Amoxicillin EP Impurity I is a chemical compound that is commonly used in the pharmaceutical industry as a reference standard in quality control testing of Amoxicillin drug formulations. It is also used in research and development of new drugs, and in the development of analytical methods for the detection and quantification of Amoxicillin and its related compounds. Chemically, Amoxicillin EP Impurity I is a degradation product of Amoxicillin, which is an antibiotic in the penicillin group of drugs. It is a white to off-white powder that is soluble in water and ethanol. The chemical name of Amoxicillin EP Impurity I is (2S,5R,6R)-6-{[(2R)-2-Amino-2-(4-hydroxyphenyl)acetyl]amino}-3,3-dimethyl-7-oxo-4-thia-1-azabicyclo[3.2.0]heptane-2-carboxylic acid.
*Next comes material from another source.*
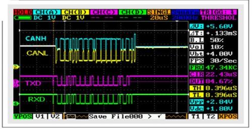 對總線進行調(diào)試時,最為有用的工具之一便是示波器。盡管單通道示波器便可看到信號,但最好還是用雙或者四通道。理想情況下,可同時看到TXD、RXD、CANH和CANL,以確保收發(fā)器和總線性能如預(yù)期。進行初次調(diào)試時,只需一個低帶寬示波器,因為標(biāo)準(zhǔn)CAN被限定在1Mbps。(在不遠(yuǎn)的將來,在引入擁有靈活數(shù)據(jù)速率的CAN以后,這種情況將有所改變。)如果該節(jié)點正發(fā)送數(shù)據(jù)比特流,則可在TXD輸入端看到輸入數(shù)據(jù)。差分CAN總線引腳(CANH/CANL)存在傳輸延遲,同時還存在RXD輸出傳輸延遲。在CAN中,這些延遲均為循環(huán)時間,或者說循環(huán)延遲。如果該節(jié)點正在接收,則TXD閑置;但是總線和RXD輸出會顯示CAN幀。

Amoxicillin EP Impurity I is used as a reference standard in the analysis of Amoxicillin drug formulations for purity, stability, and quality. It is also used in the development of analytical methods for the detection and quantification of Amoxicillin and its related compounds. The use of this reference standard ensures the accuracy and reliability of the analytical results obtained during quality control testing. In conclusion, Amoxicillin EP Impurity I is a vital chemical compound in the pharmaceutical industry, and its usage in quality control testing of Amoxicillin drug formulations plays a significant role in ensuring the safety and efficacy of the drug.